The Conservative 2009 health policy document says that the NHS Board
"will be responsible for setting the commissioning guidelines of NHS care". Further, the document says: "Commissioning of NHS services will be separate from healthcare providers and overseen by the independent NHS Board." This means that the ability of local primary care trusts to commission NHS services (the services that provide treatment for you) will be constrained and possibly dictated by an unaccountable quango in Whitehall. What sort of commissioning policy should we expect to see from the NHS Board? The 2009 health policy is clear about this: "we will enable any willing provider, who is able to meet NHS standards within NHS tariffs, to offer services to NHS commissioners". That means handing NHS resources over to the private sector and the eventual privatisation of a significant proportion of NHS services.
It is interesting how the Conservatives are inconsistent and somewhat hypocritical over their policy with the super-quango, the NHS Board. The 2009 policy health document says: "To avoid creating political opportunities to manipulate the funding formula, NHS resource allocation should be set by the NHS Board, independently of Ministers" (my emphasis) that is, they specifically say that they want to remove any political control or accountability over the allocation of NHS funds. Yet in their "Draft Manifesto" when describing NICE they say: "The current system lets Ministers off the hook by blaming decisions on unaccountable bureaucrats in NICE, the agency which approves drugs for the NHS" (again, my emphasis). So isn't the concept of the NHS Board also "letting Ministers off the hook"? Won't the NHS board also be "unaccountable bureaucrats"? There is a huge inconsistency here: the Conservatives want to impose political interference in the decisions of NICE who determine which drugs the NHS will pay for, but not in the commissioning of services.
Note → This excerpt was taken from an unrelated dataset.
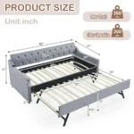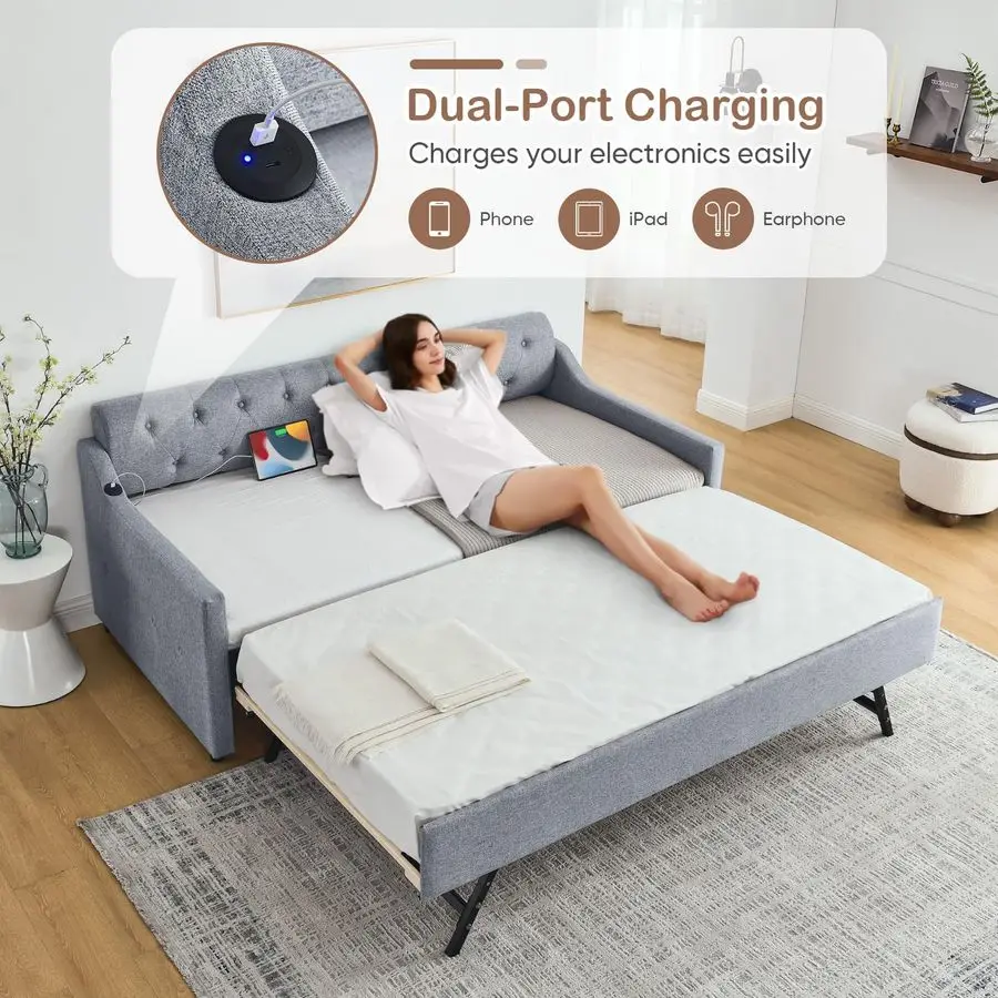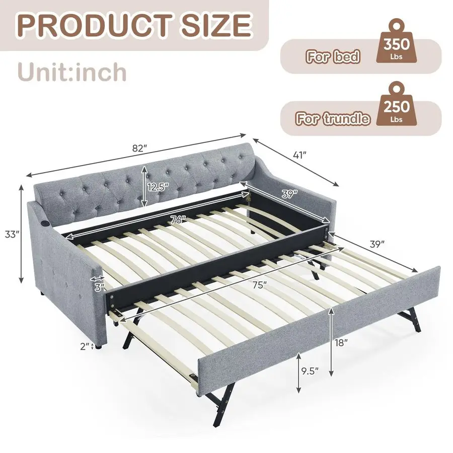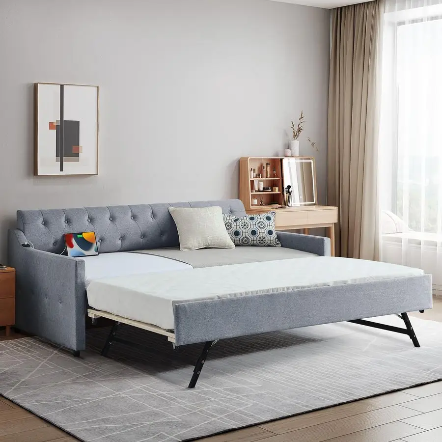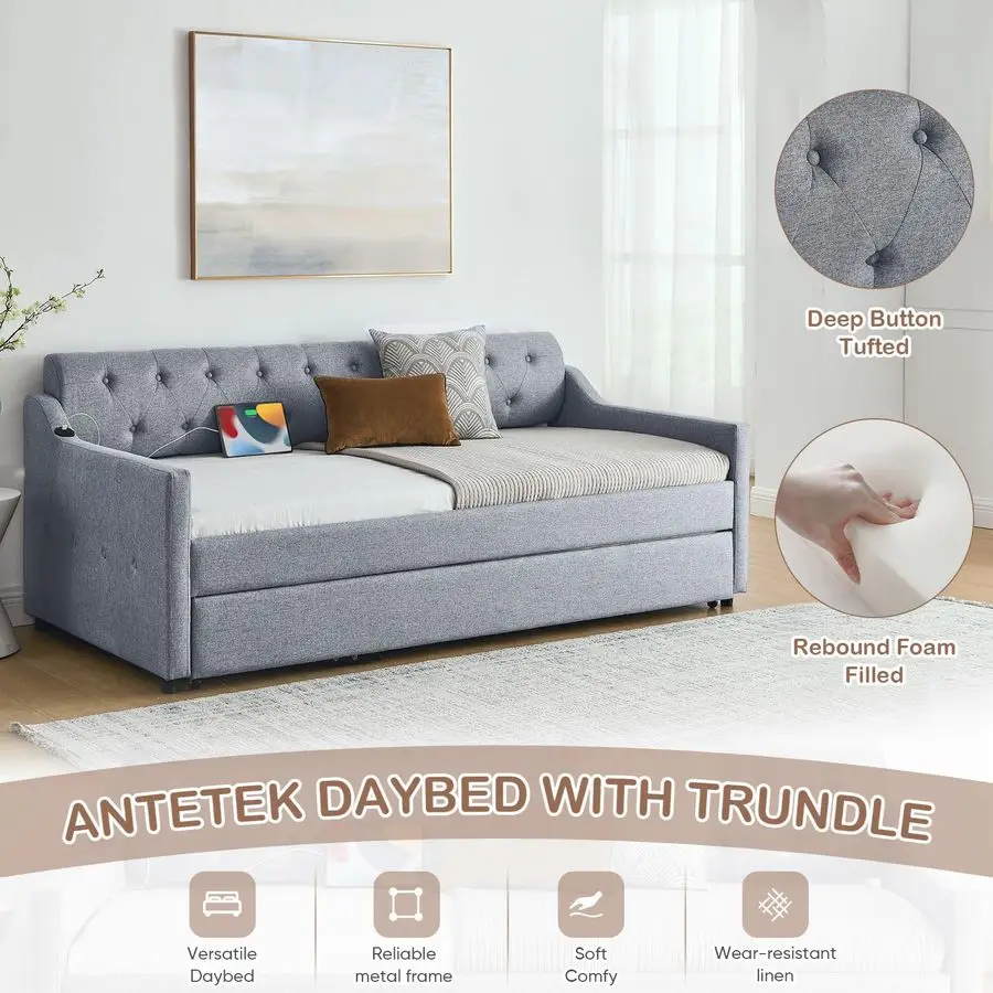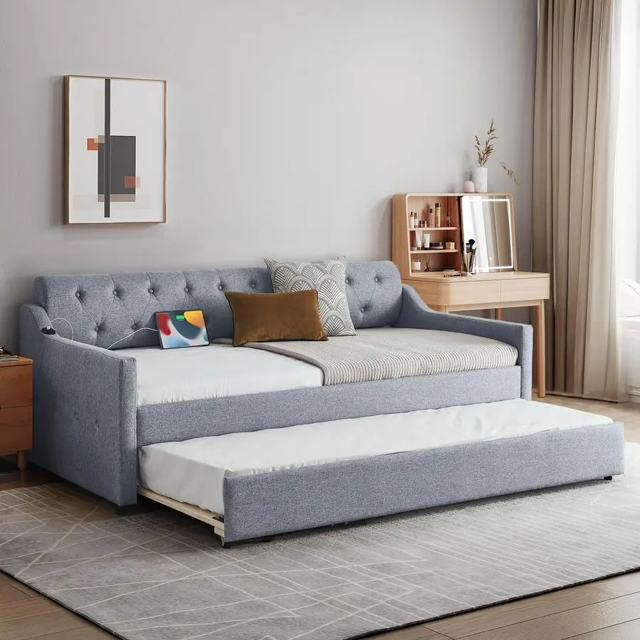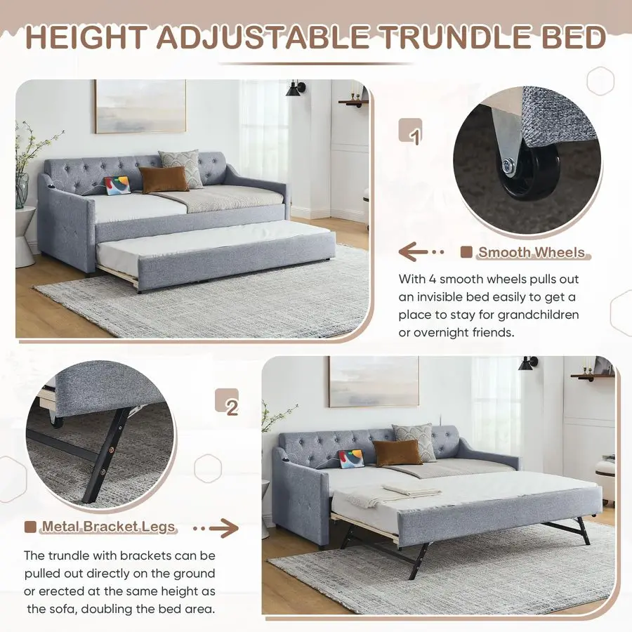 Modern Linen Daybed Our daybed with a pop up trundle features hardwearing linen fabric. The semicircular backrest is designed with deep buttons tufted and is matched with diamondshaped wiring to create an elegant style. Highquality upholstery with a thick padded sponge on the back and all around for fabulous comfort. With its simple design and stylish appearance, which are suitable for any home decoration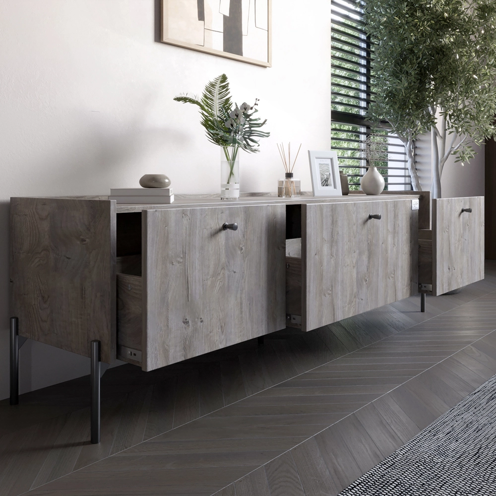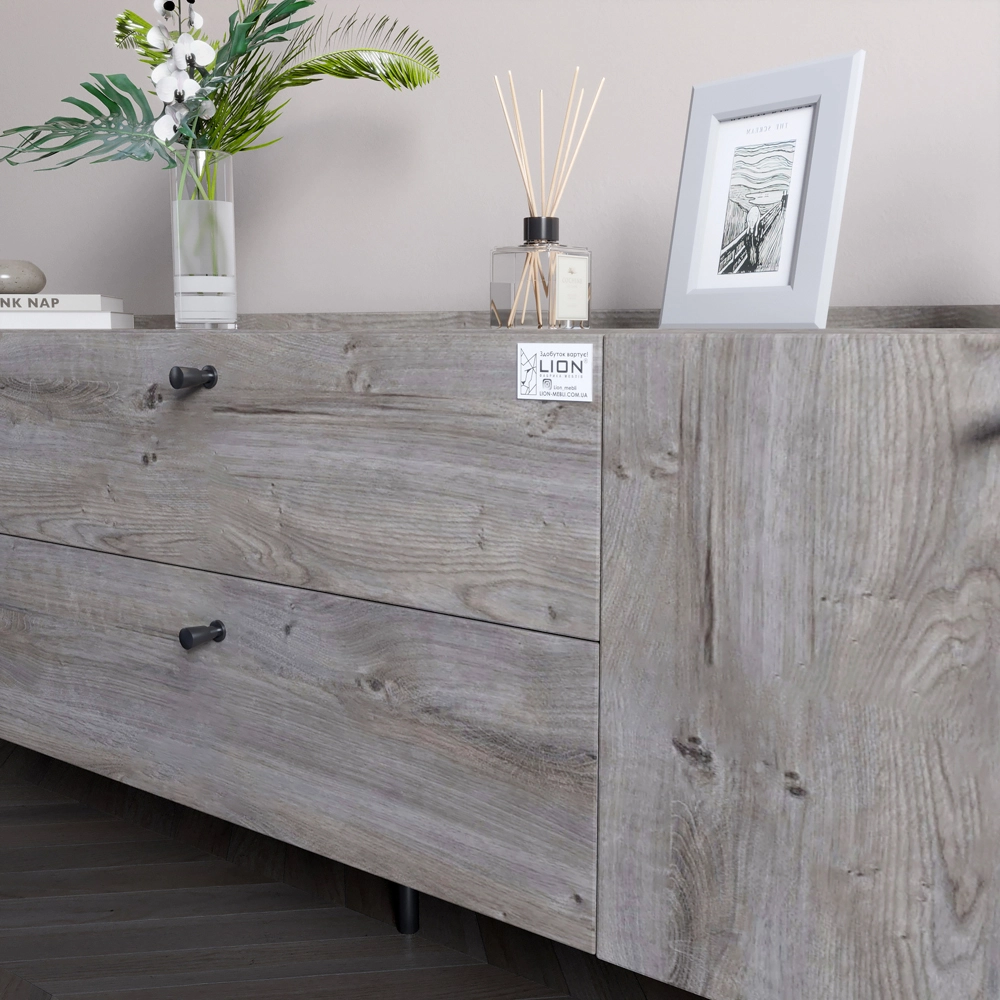 Создайте уют в вашей спальне с комплектом мебели LION Wood, сочетающей элегантный скандинавский стиль и практичность. Этот гарнитур, состоящий из ТВ-тумбы с двумя дверцей и ящиками, а также тумбы с тремя ящиками, станет идеальным решением для организации пространства. Современный дизайн и эстетический вид мебели помогут подчеркнуть ваш интерьер, делая его более комфортным и привлекательным. Изготовленный из высококачественного ЛДСП SWISS KRONO, комплект мебели отличается долговечностью и стойкостью к механическим повреждениям. Современные механизмы открывания ящиков и металлические ножки обеспечивают максимальный комфорт в использовании, а кромка 2 мм придает эстетичность и защищает мебель от повреждений. LION Wood – это не просто мебель, а ваш шаг к созданию гармоничного и стильного пространства.

It is quite clear that the intention behind creating the NHS board is to force part-privatisation on the NHS. The NHS Board will be instrumental in this privatisation since they will control how commissioning is carried out and they will tell local commissioners that they must commission a certain percentage from private suppliers (in a similar way to the 1990 Broadcasting Act that mandates that 25% of TV and radio production broadcast by the BBC has to be from non-BBC suppliers). As time goes on the amount of treatment provided by private suppliers will be increased until there will no longer be NHS providers. The policy of creating the NHS Board is the start of the wholesale privatisation of the NHS, and if there is one policy that we must fight the Conservatives on, it will be this one.